Structured Deep Learning: Theory and Applications
Abstract
The increasing amount of data generation has boosted the broad range of research
in big data and artificial intelligence. Besides the success of the deep learning
in wide range of research area, it meets its pitfalls on the following three problems:
* Data hungry: current models often require to feed GB, TB even PB level of
data, which is easily overfit.
* Hard to generalize: deep learning constructs representations that memorize
their training data rather than generalize to unseen scenarios
* Missing critical information: o -the-self deep learning framework may not fully
utilize the underlying information of the data
We investigate the above problems to find the underlying structural information in the data and framework of the neural network and try to understand how these two interact with each other. In this study, two typical structured learning models are mainly investigated: time series and graph data.
The long-existing vanishing and gradient problems cause the bottleneck of convergence problem, which impede the process of keeping memory in sequential models. We formulate this problem by considering the weights variation in the recurrent weight matrix and utilize the constraints of the Stiefel manifold to design decomposition methods. Two orthogonal constrained recurrent neural network (OCRNN) and their corresponding training algorithms are proposed and demonstrated that they outperform previous structures on the synthetic memory keeping dataset.
In order to verify the performance of the OCRNN on real problems, we investigate the problem of throat polyp detection problem based on the acoustic sampling data. By preprocessing the acoustic data using standard time-frequency expansion, the processed features are sent to the OCRNNs. The OCRNN can save 1/10 of the total number of parameters compared to the standard RNN while achieving competitive performance, which demonstrate its computational efficiency.

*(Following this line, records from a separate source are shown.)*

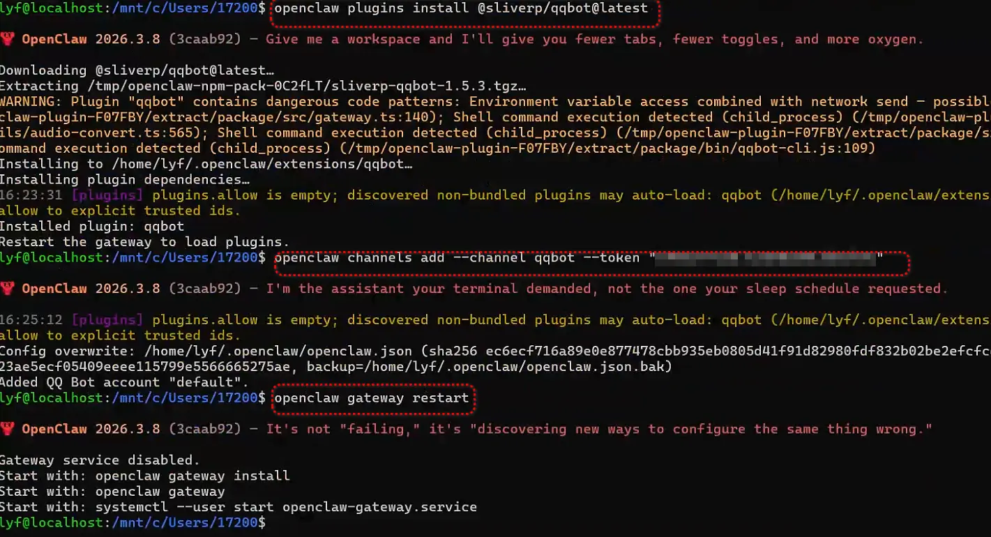 openclaw channels add --channel qqbot --token "你的AppID:你的AppSecret"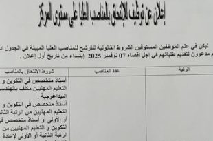 وزارة التكوين و التعليم المهنيين مديرية التكوين و التعليم المهنيين لولاية قسنطينة معهد عبد الحميد بن باديس قسنطينة ads 13 أكتوبر 2025 إعلان عن توظيف للالتحاق بالمناصب العليا على مستوى المركز ليكن في علم الموظفين المستوفين الشروط القانونية للترشح للمناصب العليا المبينة في الجدول …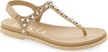 This sandal is as comfortable as it is cute. The strap hits well below the ankle bone and the toe thingy is soft. The footbed gives support without looking orthopedic. My foot is slightly wide and the width on this sandal is still good for me, my toes stay on firmly. I'll be getting my money's worth out of these!! A note on the crystals: though they are large, they don't seem too "blingy". They don't sparkle, they actually look more like studs. So the crystals are still very much in keeping with a clean, minimalist look. I usually wear 7.5 or 8, I took the 38 in these and they fit perfectly.

The creation of the mixed model with the one-dimesion convolutional neural network (1dCNN) and OCRNN is deployed on the sleep stage scoring problem based on the EEG signals. The 1dCNN is leveraged to extract fine and coarse time-frequency feature map for the downstream OCRNN. We demonstrate that the 1dCNN-OCRNN can save both the time complexity and spatial complexity and reach a comparatively better performance compare to previous benchmark results.

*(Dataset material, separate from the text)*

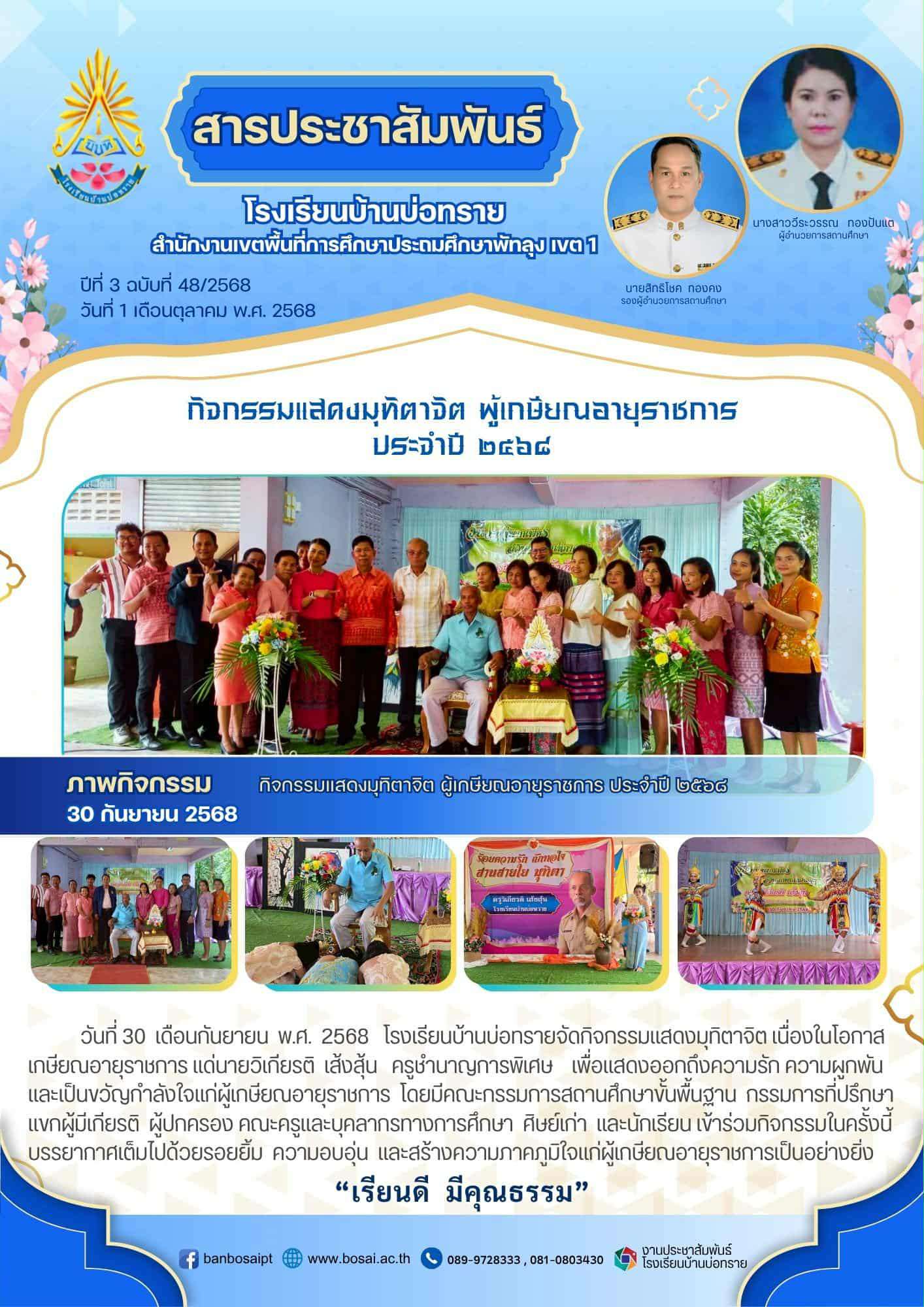 โรงเรียนบ้านบ่อทรายจัดกิจกรรมแสดงมุทิตาจิต เนื่องในโอกาสเกษียณอายุราชการ แด่นายวิเกียรติ เส้งสุ้น ครูชำนาญการพิเศษ เพื่อแสดงออกถึงความรัก ความผูกพัน และเป็นขวัญกำลังใจแก่ผู้เกษียณอายุราชการ โดยมีคณะกรรมการสถานศึกษาขั้นพื้นฐาน กรรมการที่ปรึกษา แขกผู้มีเกียรติ ผู้ปกครอง คณะครูและบุคลากรทางการศึกษา ศิษย์เก่า และนักเรียน เข้าร่วมกิจกรรมในครั้งนี้บรรยากาศเต็มไปด้วยรอยยิ้ม ความอบอุ่น และสร้างความภาคภูมิใจแก่ผู้เกษียณอายุราชการเป็นอย่างยิ่ง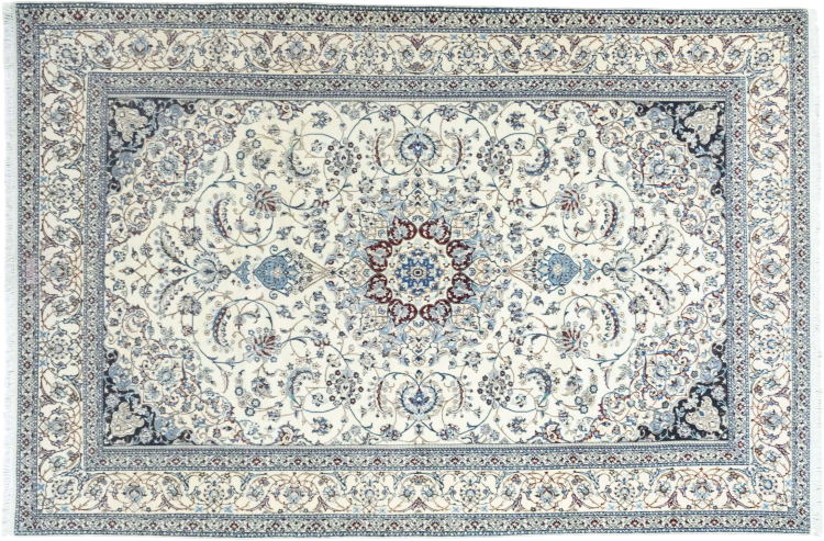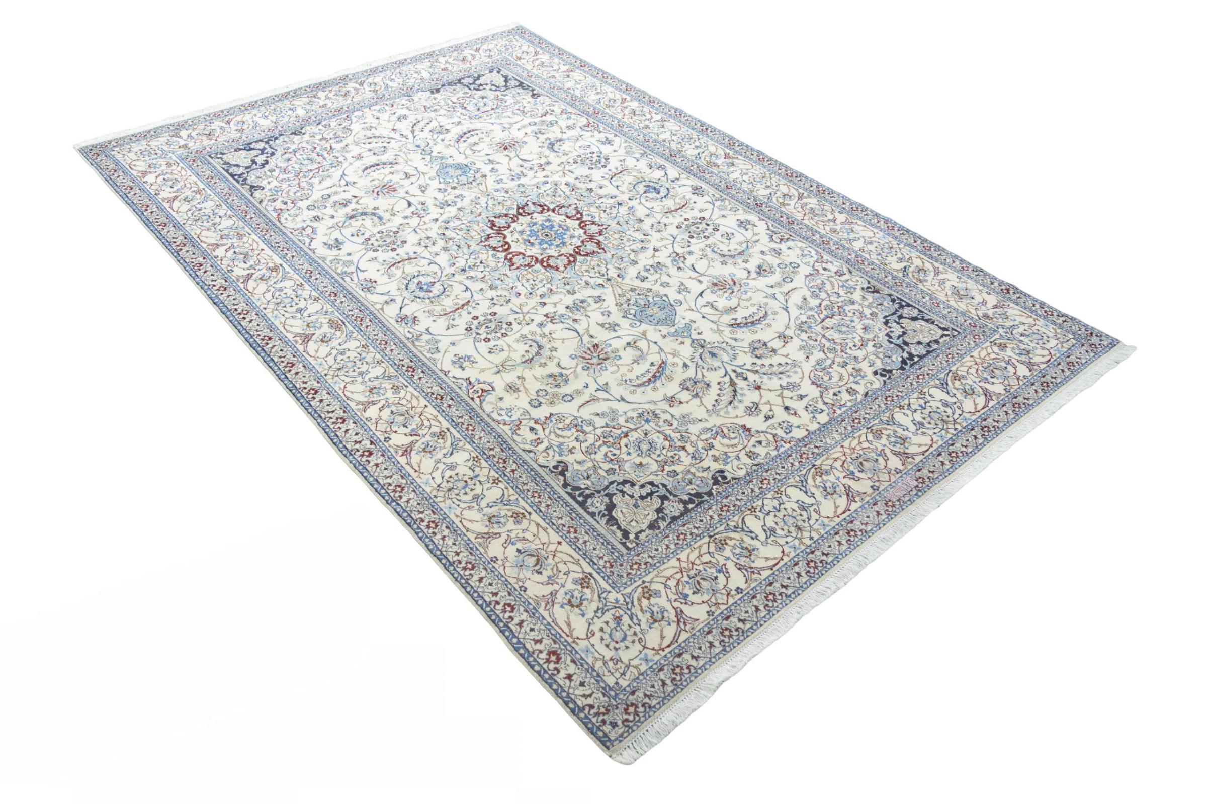 Teppiche aus der Stadt Nain, von der Grenze einer der größten Wüsten des Irans, gehören zu den wohl bekanntesten Perserteppichen weltweit. Ihr typisches Design ist unverwechselbar mit floralen Ornamenten, einem Mittelmedallion sowie beigen und roten oder blauen Farbtönen gehalten. Dank ihrer Bezeichnungen 4La, 6La, 9La und 12La lassen sich die Feinheiten eines Nain Teppichs auf einen Blick erkennen. Dabei gilt, je geringer die „La“ Zahl, desto höher die Knotendichte und somit auch die Feinheit des Teppichs.

The graph neural network based model for image anomaly detection is introduced in the final part. The superpixels serve as the mapping from pixel-wise image to graph feature and topology information. The hierarchical variational graph autoencoder with pooling and upsampling operations is adopted for semi-supervised anomaly detection fashion. The feasibility of this model is demonstrated on road surface anomaly detection, which demonstrates its competitive ability and savings of the storage of the neural network overload.